Increased Cd uptake caused by membrane-localized ZIP8. (a) Time/dose-dependent 109CdCl2 uptake into rvZIP8 or rvLUC cells. (b) Western blot of ZIP8ha in microsomes (30 vs. 10 μg per lane). (c) Western blot of ZIP8ha in cytosol (C) or microsomes (M) (30 μg per lane) from rvLUC or rvZIP8ha cells. Arrow denotes band at 55 kDa. (d) Localization of the ZIP8ha protein. rvZIP8ha cells (Upper) or rvLUC cells (Lower) were fixed and incubated with a primary anti-HA antibody and a secondary goat anti-rabbit FITC-conjugated antibody. Cells were counterstained with propidium iodide (PI) to visualize nuclei. Confocal fluorescent microscopy detected FITC (Left), PI (Center), or both FITC and PI (Right).
Fig. 4.
Fig. 4.
Localization of ZIP8 mRNA from sensitive (D2 and 129S6) versus resistant (B6 and A/J) inbred mouse strains. (a) Northern analysis of testicular ZIP8 mRNA by using poly(A+) RNA. ACTB, β-actin mRNA as a control for lane loading. (b) In situ hybridization of ZIP8 mRNA in testis of the four inbred strains.
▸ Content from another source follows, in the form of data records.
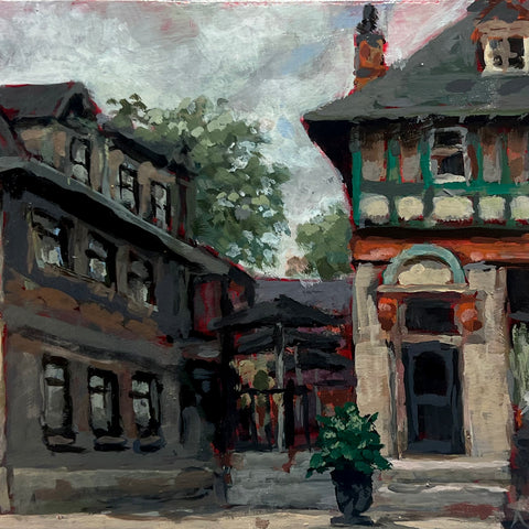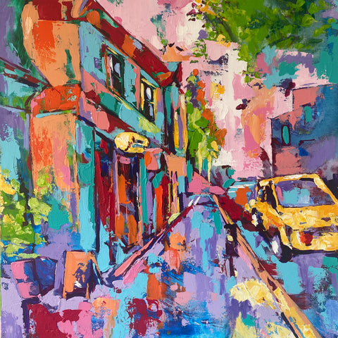 Jan Davison is a painter based in Halifax, Nova Scotia. Davison graduated from NSCAD University with her Bachelor of Fine Art degree in 2001. She also studied at a painting studio semester abroad at Wimbledon School of the Arts in 2021. With the use of vivid colour she represents the streets of Halifax. Hailing from a line of architects, Davison grew up around great design. She is enthusiastic about sun and warmth and often uses vermillion red as her starting point. “I often see the South of France on our streets - in the summer under a certain light - we are on the same longitudinal line as Nice, in fact. This fuels my inspiration and our local home owners’ paint choices act as a collaboration.”
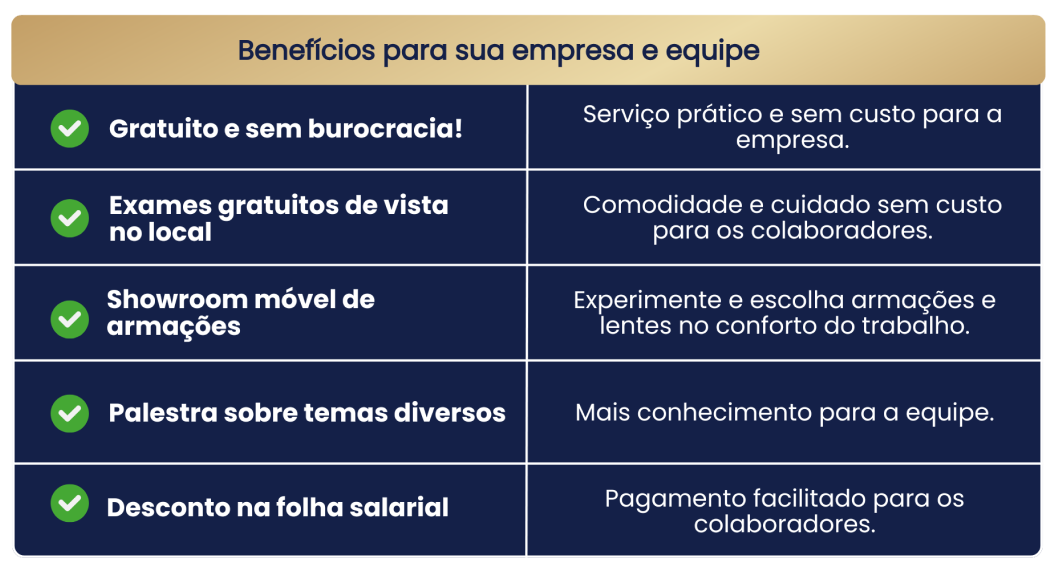 Somos uma ótica corporativa especializada em ações de saúde visual no ambiente de trabalho, com foco em levar praticidade, prevenção e bem-estar.
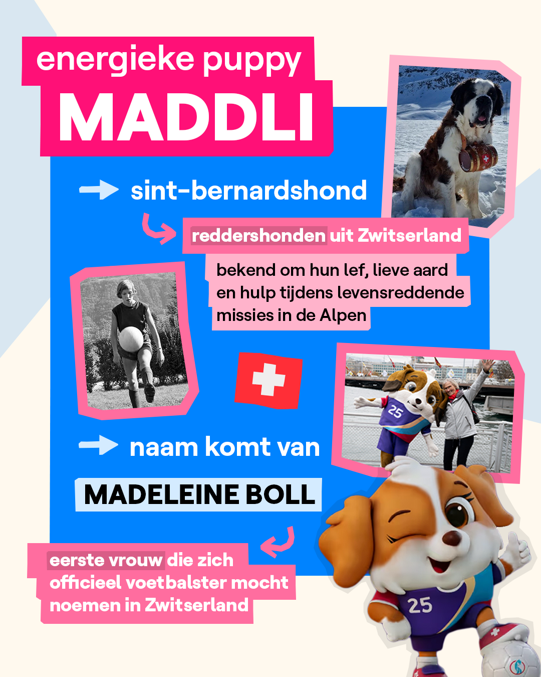 De Belgische Red Flames hebben gisteravond met 0-2 gewonnen van Oekraïne. Daarmee maken ze steeds meer kans om zich te kwalificeren voor het EK voetbal in Zwitserland. Dat gaat volgende zomer door van 2 tot en met 27 juli. En uiteraard is er geen EK zonder mascotte, dus maak kennis met de schattige puppy Maddli. De organisatie stelde haar officieel voor als mascotte voor het EK. “Haar energie, passie en liefde voor voetbal omvat perfect de geest van het toernooi en ons mooie land. Ik geloof dat zij jonge fans uit heel Europa kan inspireren en ik kan niet wachten om haar plezier te zien overbrengen naar de fans”, zegt een ambassadeur. Swipe!
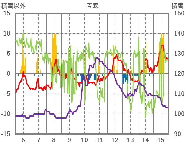 | 日 | 時 | 気温 | 降水 | 風向/風速 | 日照 | 積雪 | 降雪 |
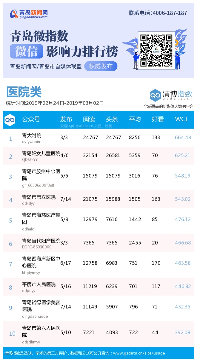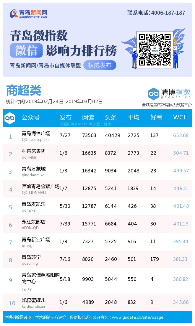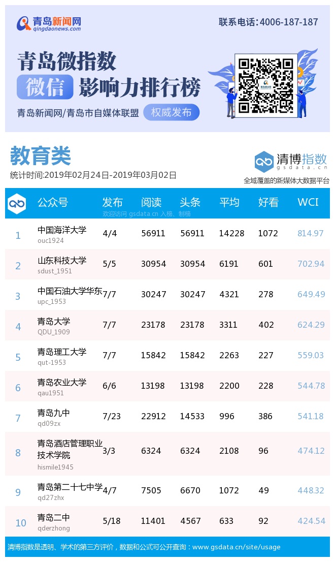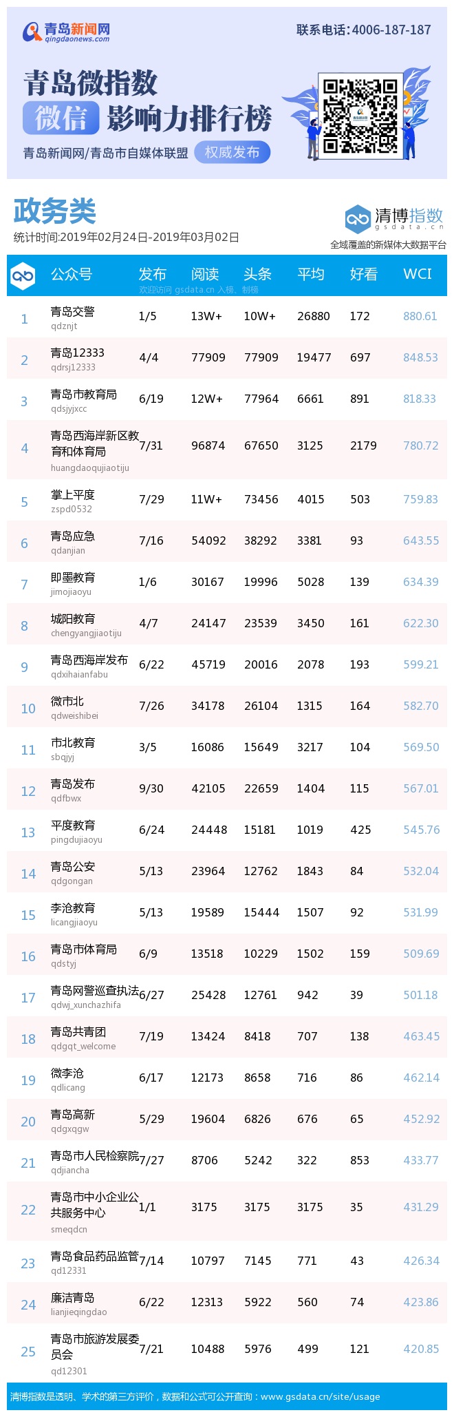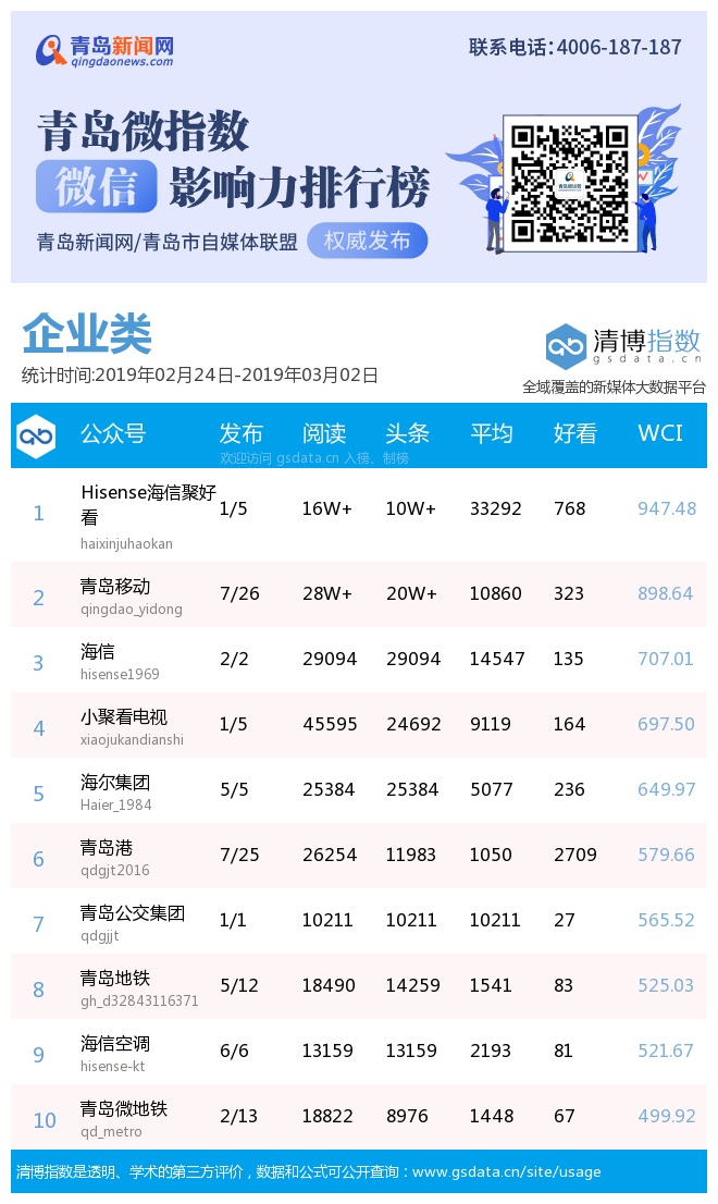 3、本次榜单收录了青岛14个行业微信公众号,如您的账号暂未收录,可联系4006-187-187。
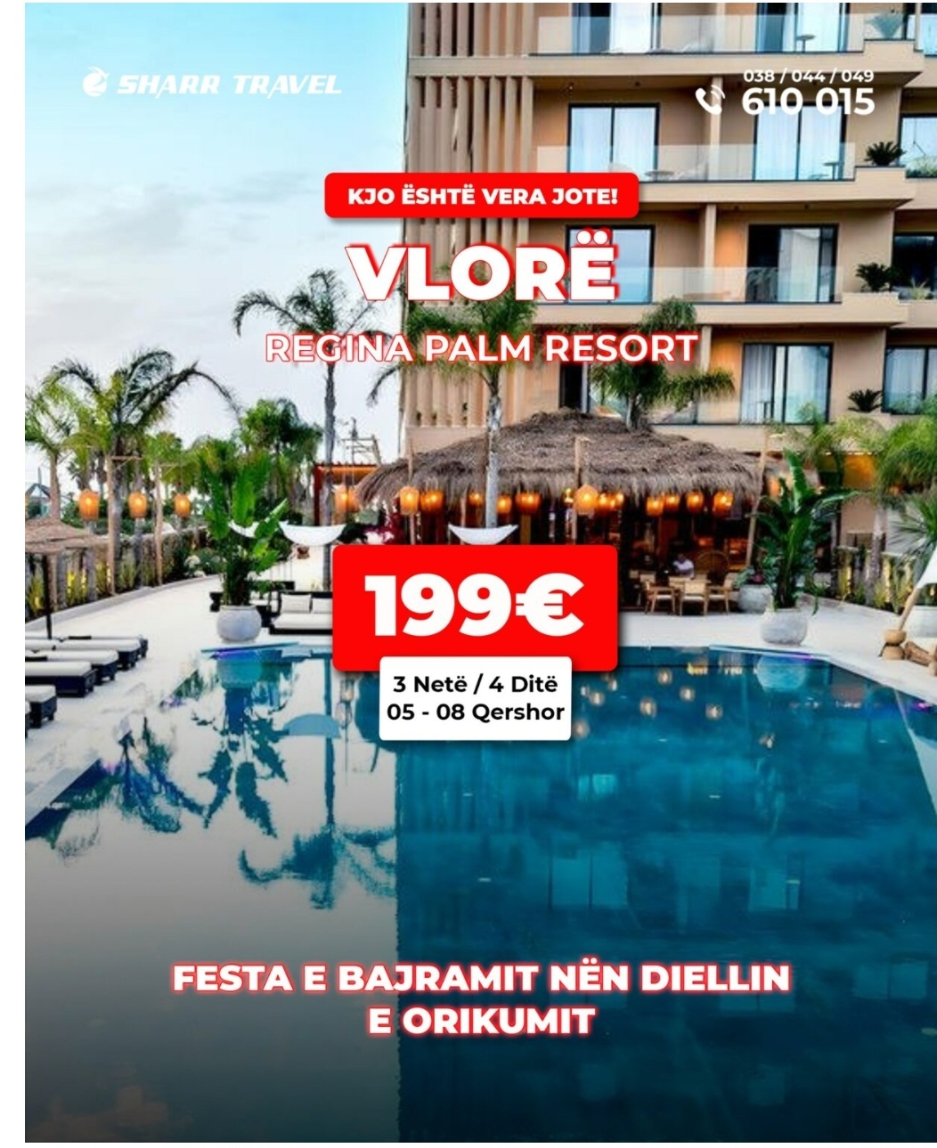 Me vetëm 199 euro ju mund t’i kalon 4 ditë e 3 netë në Regina Palm Resort në Orikum, Vlorë, nga 5 deri më 8 qershor 2025, me vetëm 199€ për person.
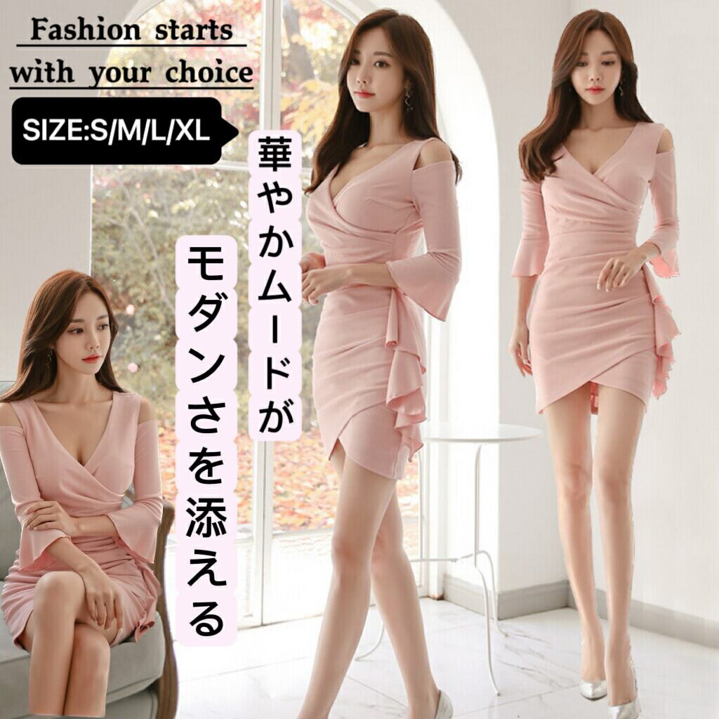 ワンピース ドレス カシュクールワンピース タイトワンピース ひざ丈ワンピース シースワンピース レディース Vネック きれいめ 美ライン 可愛い セクシー 七分袖 普段着
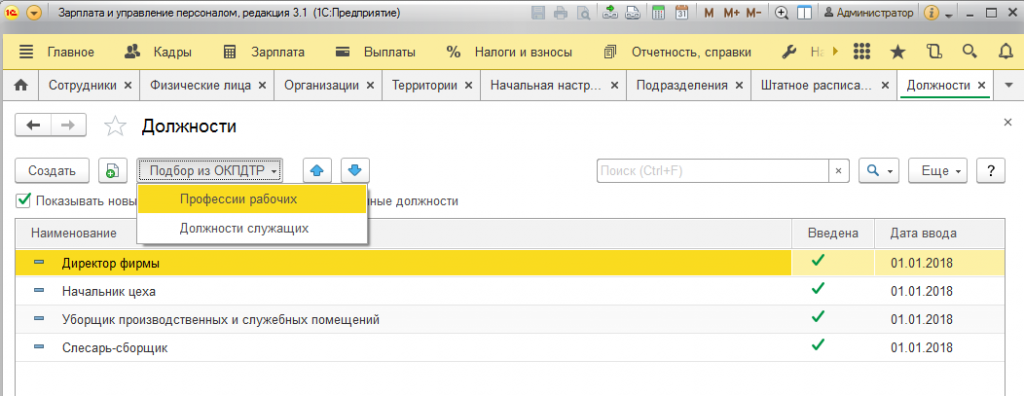 Правильней будет вносить должности посредством нажатия вкладки «Подбор из ОКПДТР», выбирая их из имеющегося списка должностей.

Left show hematoxylin-and-eosin tissue staining (bright-field), Center show signal from in situ hybridization (dark-field), and Right show both images overlaid. Arrows show ZIP8 mRNA localized in the vascular endothelial cells of D2 and 129S6, a feature not detected in B6 or A/J mice. (c) High-magnification bright-field ZIP8 in situ image of testicular capillaries from the indicated mouse strains. (Lower) Photographic emulsion showing capillary in situ pattern (Left) was stripped and section-stained with an anti-CD31 endothelial-specific antibody that was detected by using a biotinylated secondary antibody and Alexa Fluor-488 streptavidin. Antibody reactivity is shown in green. DAPI (blue color) was used as a nuclear counterstain.